2. A process for the preparation of compound 2 according to claim 1, characterized in that:
in steps (1) to (5): the acid halogenating agent is thionyl chloride, and the alkyl group of less than six carbons includes: any one of methyl, ethyl, N-propyl, isopropyl, N-butyl, isobutyl and tert-butyl, R is halogen or a sulfonate group or a methyl carbonate group or an alkyl carbonate group or an aryl carbonate group with less than six carbons is any one of chlorine, ethyl carbonate group or isobutyl carbonate group, and the base is any one of triethylamine, diisopropylethylamine or N-methylmorpholine;
in the step (5), the polar solvent of the compound 29 converted in the polar solvent under the alkaline condition to obtain the compound 30 is N, N-dimethylformamide, N-methylpyrrolidone and water, and the alkali is any one of sodium hydroxide, potassium hydroxide, barium hydroxide, potassium carbonate, sodium formate or sodium acetate.
3. The production method for producing the compound 2 according to claim 1 or 2, characterized in that the preferred base in the step (7) is potassium carbonate or sodium hydroxide.
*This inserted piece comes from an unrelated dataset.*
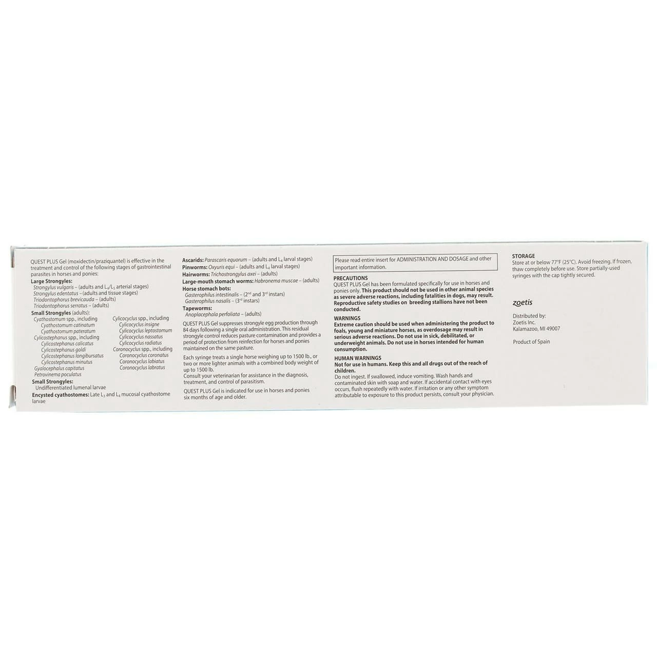 QUEST Plus Equine Oral gel is an FDA-approved broad-spectrum equine dewormer. This horse dewormer contains both praziquantel and moxidectin for horses and helps suppress production of small strongyle eggs for 84 days. QUEST Plus is approved for the removal and control of large strongyles Strongylus vulgarisS. edentatus, Triodontophorus brevicauda, T. serratus, small strongyles Cyathostomum spp., Cylicocyclus spp., Cylicostephanus spp. Gyalocophalus capitatus encysted cyathostomes; Ascarids Parascaris equorum, pinworms Oxyuris equi, hairworms Trichostrongylus axei, largemouth stomach worms Habronema muscae, stomach bots Gasterophilus intestinals, G. nasailis tapeworms Anaplocephala perfoliate. Quest Plus wormer is safe to use in breeding mares and stallions.

4. The production method for producing the compound 2 according to claim 3, characterized in that: the rearrangement reaction in steps (2) and (4) is: cooling methyl tert-butyl ether and diethylene glycol dimethyl ether in an ice water bath, adding methyl nitrosourea, uniformly stirring, preparing a methyl tert-butyl ether solution of diazomethane by using a micro-channel reactor by using a methyl nitrosourea solution and a 30% potassium hydroxide solution in a weight ratio of 3:1, preparing diazo nitride by using a micro-channel reactor by using a compound 26 solution and a methyl tert-butyl ether solution of diazomethane in a weight ratio of 1:1, flowing into water, slowly heating to 60 ℃, stirring for reaction for 1 hour, standing for layering, concentrating organic phase under reduced pressure, adding dichloromethane into residues, dropwise adding thionyl chloride under cooling of the ice water bath, removing a cooling bath after dropwise adding, heating to reflux for reaction for 2 hours, cooling to room temperature to obtain a compound 28 solution, preparing the diazo nitride by using the micro-channel reactor by using the compound 28 solution and the methyl tert-butyl ether solution of diazomethane in a weight ratio of 1:1, flowing into hydrochloric acid, cooling in ice water bath, stirring for reaction for 1 hr, standing for layering, concentrating the organic phase under reduced pressure, and reacting the residue.
5. The process for preparing a body compound 2 according to claim 4, characterized in that the base used in step (5) is sodium hydroxide.
6. The process for preparing compound 2 according to claim 5, wherein the base used in step (7) is potassium carbonate.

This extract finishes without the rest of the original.